Отходим, и я достаю из кармана фото Звонарева.

— Знаешь его?

Мужик нервно сглатывает. Вскидывается, смотрит перепуганным взглядом.

— Точно ведь знаешь!

— А еще я знаю, что его убили. Поэтому скажу одно — он здесь не появлялся давно.

— Давно — это сколько?

— Пару лет точно.

— Откуда помнишь?

— Случай тогда смешной произошел. Они с ребятами напоследок решили побурогозить.

— Как это?

— Раздели иностранцев.

— Совсем?

— С одного иностранца сапоги Lama сняли, его в кеды обули. У второго целый блок Marlboro отжали, у какого–то пастора, один из ребят Звонаря долго плакался, рассказывал, как туго в Рашке живется, тот и поверил, сжалился. А напоследок они целую делегацию американских ребят споили. Дня три те пили где–то, а потом вернулись в гостиницу, в шинелях и шапках ушанках. Самолет свой пропустил, скандал был грандиозный. Звонаревским что сделали? Да ничего. Им как всегда, море по колено. Они к этому моменту в другой бизнес уже намылились, последний день в «России» работали.

— Ты всё время говоришь о ребятах Звонарева. Сколько их было? Куда ушли?

— О–о! В это я не полезу. Не знаю.

— Валютой занялись? — доходит до меня.

Парень в ушанке кивает.

— Только я свои слова не повторю, если что. Мне моя жизнь дорога. Вон, как Звонарев плохо закончил.

— Так он же не был уголовником, валютой не занимался.

— Кто его знает? Разные ходят слухи. За фарцовку не убивают, а за доллары могут глотку перерезать быстро. Это уже криминал.

— Хоть одного его человека назови, — прошу я.

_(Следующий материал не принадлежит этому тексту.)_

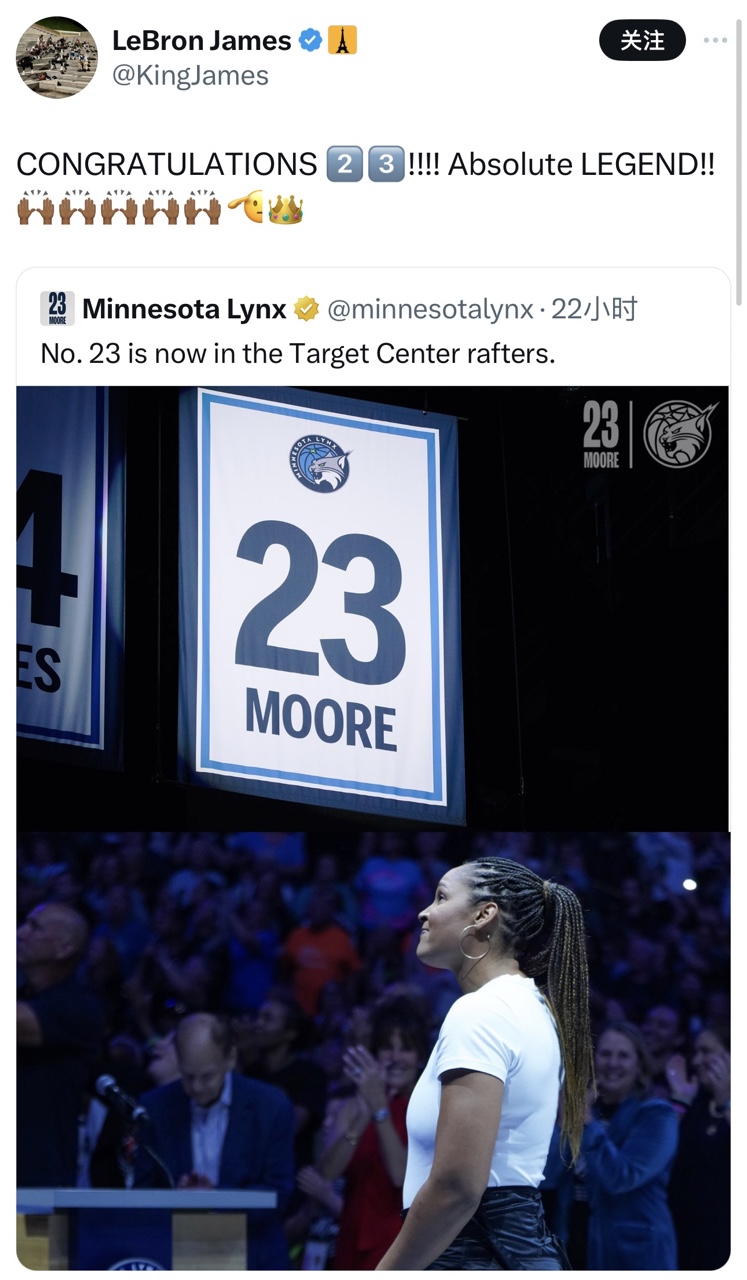 🔥詹姆斯转发玛雅-摩尔球衣退役仪式现场图并配文:恭喜!绝对的传奇👑!

— Нет, еще жить хочу. А ты в «Интурист» наведайся…

— Его ребята там работают?

Дверь гостиницы открывается, из нее выходит симпатичная переводчица, в ярко–красной иностранной куртке, с симпатичным джентльменом в черном пальто. Они устремляются к автомобилю «Волга» и мой «Утюг» бросается к ним наперерез со своими предложениями.

— Отстаньте уже от господина Перье, — дерзко обрывает переводчица нападающего фарцовщика. — Достали такие как вы. В прошлый раз господин уехал домой без своей одежды. От таких как вы надо держаться за километры. Вернее сказать, вас надо вывозить за сотни километров от столицы.

— Да ладно, барышня, не нервничайте так, — навязчивый отлипает от спасшейся чудом жертвы.

Я же ухожу прочь. Не нужны мне чужие разборки.

Иду и думаю — это что же получается, что Звонарев только прикрывался фарцовкой, а сам давно валютой приторговывал? Но тогда хоть кто–то должен был знать о его делишках.

Волков. Ника. Стопроцентно знали, но не сообщили мне, чтобы я не испугался и не слился раньше времени, понимая, что имею дело с матерыми уголовниками. Явно хотели меня подставить.

— Полный абзац! Если мои опасения подтвердятся, то к моменту выхода на преступника, я сам стану трупом.

Пешком иду в гостиницу «Интурист», открывшийся совсем недавно. Сама гостиницы раскинулась на Тверской улице, одной из центральных магистралей столицы.

Как и многие советские конструкции, гостиница внушала, что она — оплот чего–то очень сильного и многозначительного — много стекла и бетона. Очередная громадина — монумент, здание в стиле последнего модернизма, выделяющемуся строгими прямыми линиями и масштабом. В гостинице около пятисот номеров с люксами и стандартами, высокий уровень обслуживания. Рестораны международной кухни, бары, магазины с товарами, недоступными в универмагах.

Как только иностранцы облюбовали это место, так и фарцовщики и спекулянты валютой сюда хлынули, а также проститутки, под видом переводчиков и экскурсоводов. В целом, весь враждебный контингент был привлечен на звон монет.

И даже кэгэбисты вечно снующие там, где иностранцы не стали помехой для бизнеса спекулянтов.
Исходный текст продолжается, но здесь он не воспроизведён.